The original quotes are as follows.

La “economía verde” es el nuevo colonialismo para someter a nuestros pueblos:

El ambientalismo de la economía verde es un nuevo colonialismo de doble partida. Por un lado, es un colonialismo de la naturaleza, al mercantilizar las fuentes naturales de la vida, y por otro lado, es un colonialismo a los países del Sur que cargan en sus espaldas la responsabilidad de proteger el medio ambiente que es destruido por la economía capitalista industrial del Norte. Este llamado ambientalismo mercantiliza la naturaleza convirtiendo cada árbol, cada planta, cada gota de agua y cada ser de la naturaleza en una mercancía sometida a la dictadura del mercado que privatiza la riqueza y socializa la pobreza.

La visión de Bolivia para alcanzar el paradigma de Vivir Bien:

Es el proceso continuo de generación e implementación de medidas y acciones sociales, comunitarias, ciudadanas y de gestión pública para la creación, provisión y fortalecimiento de condiciones, capacidades y medios materiales, sociales y espirituales, en el marco de prácticas y de acciones culturalmente adecuadas y apropiadas, que promuevan relaciones solidarias, de apoyo y cooperación mutua, de complementariedad y de fortalecimiento de vínculos edificantes comunitarios y colectivos para alcanzar el Vivir Bien en armonía con la Madre Tierra.

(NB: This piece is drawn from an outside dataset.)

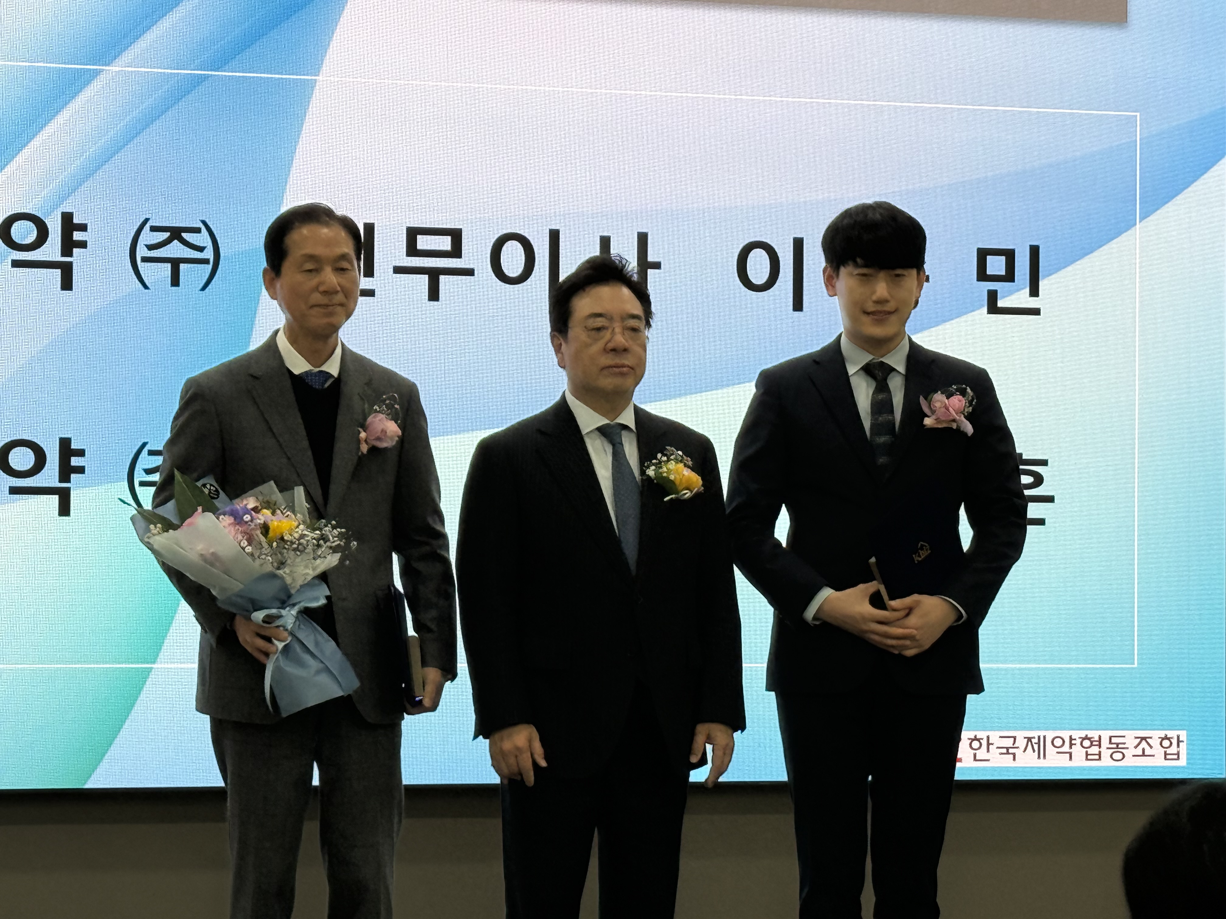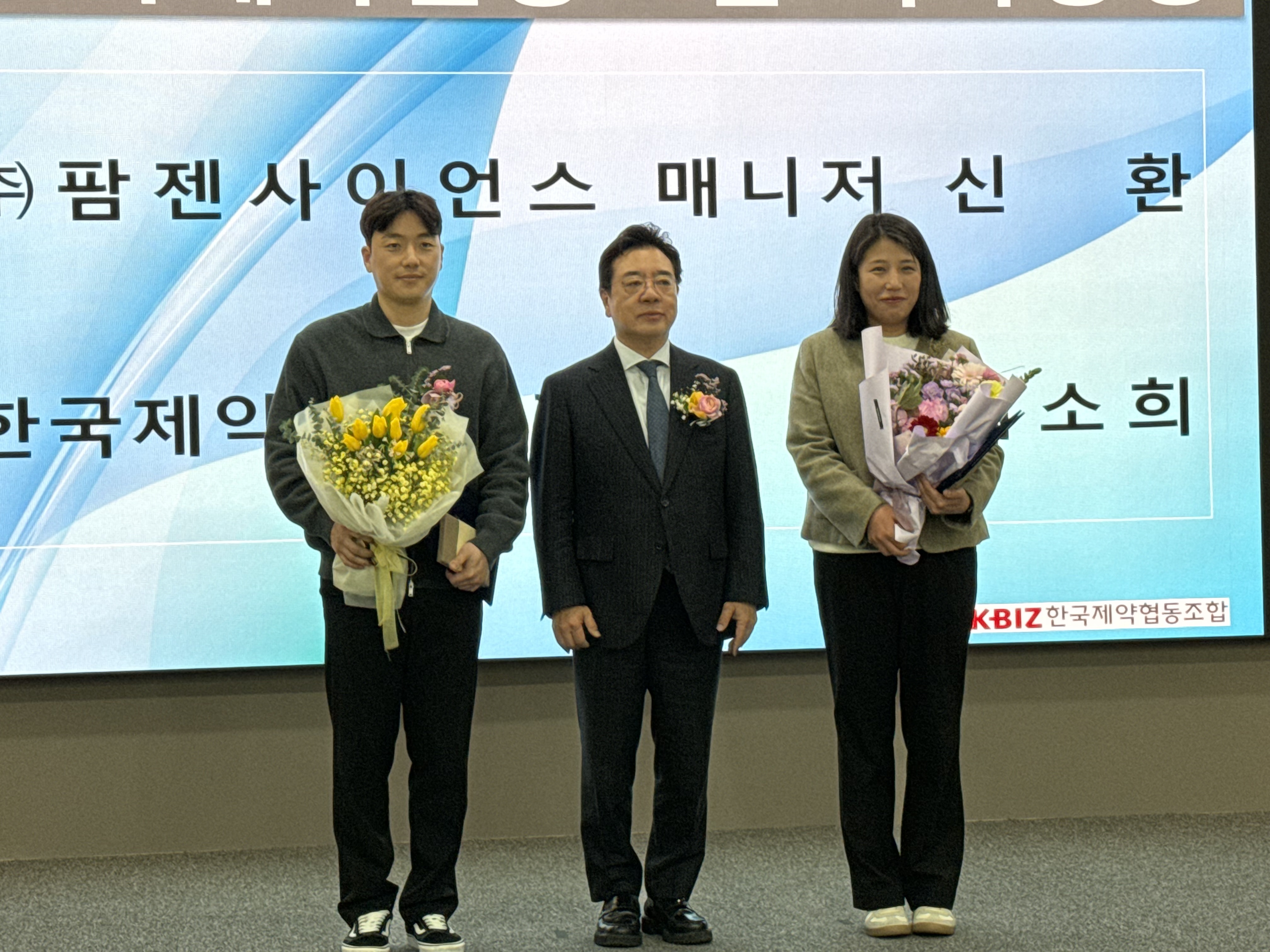 ▲ 한국제약협동조합 이사장 표창: 신환 (주)팜젠사이언스 매니저, 여소희 한국제약협동조합 대리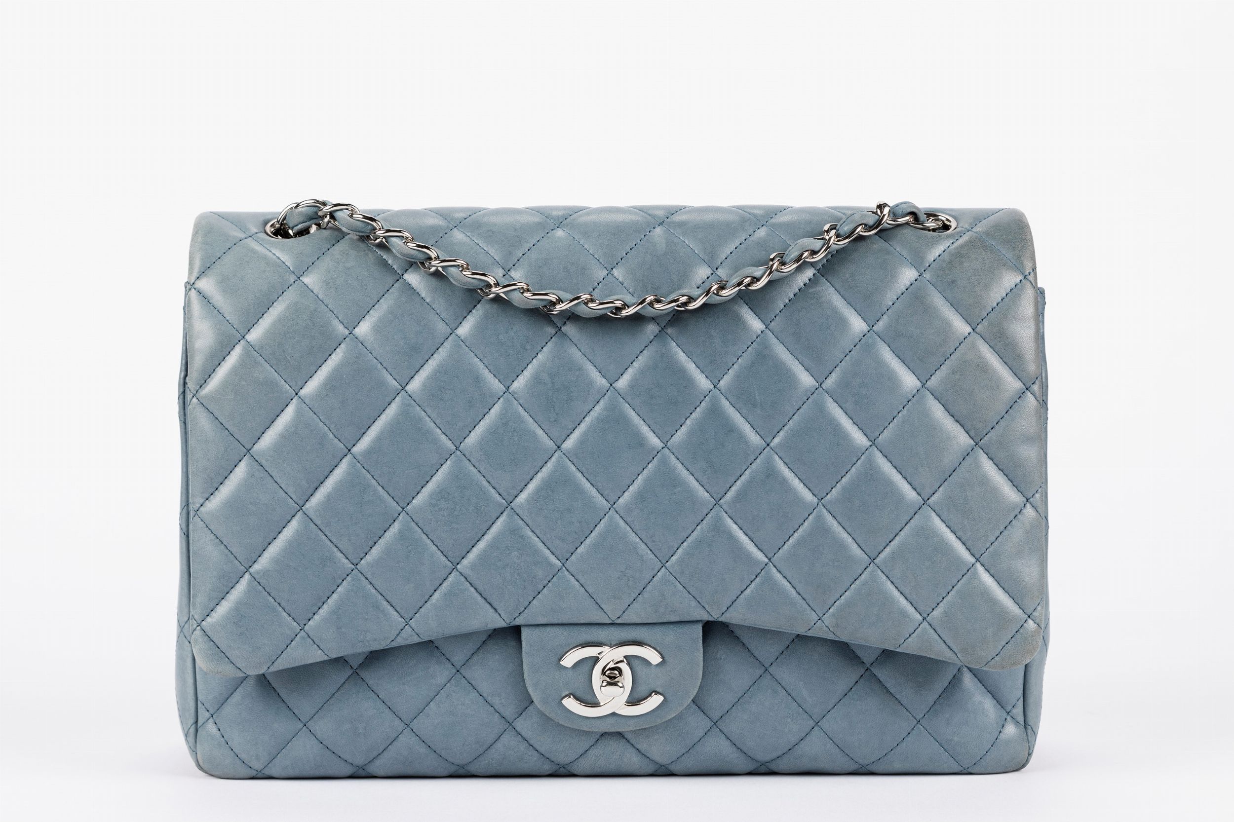 2012 in pelle matelassé color carta da zucchero, con tracolla a catena in metallo, cm 33, con sacchetto (difetti)

Conservar los componentes, zonas y sistemas de vida de la Madre Tierra en el marco de un manejo integral y sustentable.

Se hicieron respetar los principios del derecho al desarrollo y la soberanía de los pueblos:

En este contexto considera a la economía verde sólo como una herramienta más – no un modelo ni visión de desarrollo – en el contexto del desarrollo sostenible.

El documental final reconoce al planeta Tierra como nuestro hogar y que la expresión “Madre Tierra” es común para varios países y regiones, haciendo notar que algunos países le han reconocido sus derechos, en un contexto de promoción de desarrollo sostenible.